秦渊来辞行,一语惊人,堵得妃暄都无话可说。
第五次,便是在昨日的乐游原了,他竟是以无敌之姿横扫了当世几乎所有的绝顶高手,坐稳了天下第一的宝座。
今日,便是第六次,素来在外人面前清冷孤傲的她,竟是趴在他怀里哭得稀里哗啦,展露出了自己最脆弱的一面。
似乎第三次见面分别,秦渊和妃暄北上洛阳之后,那道修长挺拔的身影,那张清俊绝伦的面庞,就已越来越频繁被她想起,而后悄然填满了她的心。
此番听闻长安论道的消息,她便毫不犹豫地离开蜀郡,来到了长安。
她来这里,不是为了观看什么论道,只是想见见他。
她不想只当他的朋友,也不想只当他的知己。
「青璇?」
见石青璇不出声,秦渊靠近半步,身躯几乎要和石青璇贴靠在了一起。
石青璇霍然惊醒,下意识地后退半步,脊背却已是抵住了后面的桥栏。
「青璇————青璇————」石青璇有些慌张地支支吾吾,说不出个所以然来。
「不过是朋友?」
秦渊又向前半步,几乎将她圈在了桥栏与自己之间,声音中似透着一股魔力:「可我不想与青璇只做朋友,怎么办?」
石青璇只觉脑中一片空白。
下意识地想要后退,却已无路可退,只能擡眼望着秦渊,心跳快得似要从喉咙里蹦跳而出。
「公子,你————你莫要欺人太甚。」石青璇声音软糯,带着一丝连自己都未曾察觉的娇嗔。

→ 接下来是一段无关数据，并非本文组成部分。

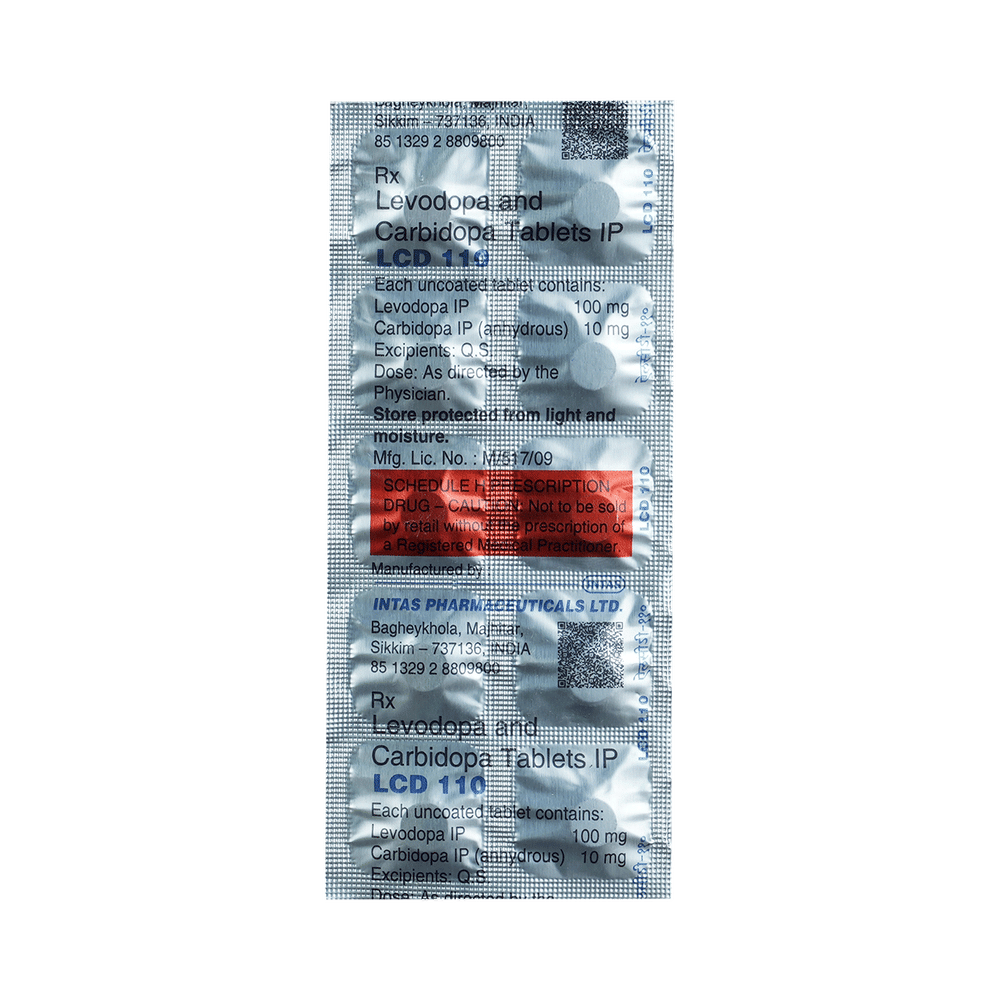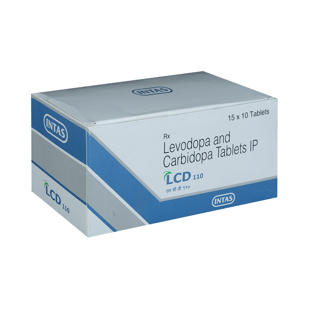 LCD 110 Tablet is a combination of two medicines used to treat Parkinson’s disease. It is one of the most effective medications to relives symptoms of Parkinson’s disease such as tremors, muscle stiffness, and difficulty moving. LCD 110 Tablet can be taken without food but it is better to avoid a high protein diet and dairy products while taking this medicine. However, it is advised to take it at the same time each day as this helps to maintain a consistent level of medicine in the body. Take this medicine in the dose and duration advised by your doctor and if you have missed a dose, take it as soon as you remember it. You should never skip any doses and try to finish the full course of treatment even if you feel better. Do not stop taking medicine until told by your doctor as it can cause harmful effects.This medicine may cause side effects like nausea, vomiting, dryness in the mouth, sweating, and headache. Initially, this medicine may cause a sudden drop in blood pressure when you change positions, so it's better to rise slowly if you have been sitting or lying down. It causes a sudden onset of dizziness and sleepiness, so do not drive or do anything that requires mental focus until you know how this medicine affects you.Take caution while taking medicine if you are suffering from liver or kidney disease. Your doctor should also know about all other medicines you are taking as many of these may make this medicine less effective or change the way it works. Inform your doctor if you are pregnant, planning pregnancy, or breastfeeding.

秦渊轻笑一声,伸手揽住了石青璇盈盈一握的纤柔腰肢,:「我欺你了吗?」
石青璇娇躯一僵,呼吸一窒,继而,手有些发抖,腿也有些发软。
虽说之前也有过这般亲密的接触,可那时她正沉浸于悲伤之中,并无太大感觉。
而此刻,意识清明,不论是腰上,还是胸腹之间的感触,都似放大了无数倍。
「公子————请自重。」
石青璇眼神有些躲闪,声音颤得厉害,却不知是在拒绝还是在邀请。
秦渊低头看着她,那张清丽脱俗的面庞,这个时候已是红得似要滴出血来。
睫毛微微颤动,宛如蝶翼轻扇,那双清澄的美眸,则像是蒙上了一层水雾,迷离动人。
秦渊忽地一笑,擡起手,落在她假鼻上,轻轻一捏一提,便将它摘了下来。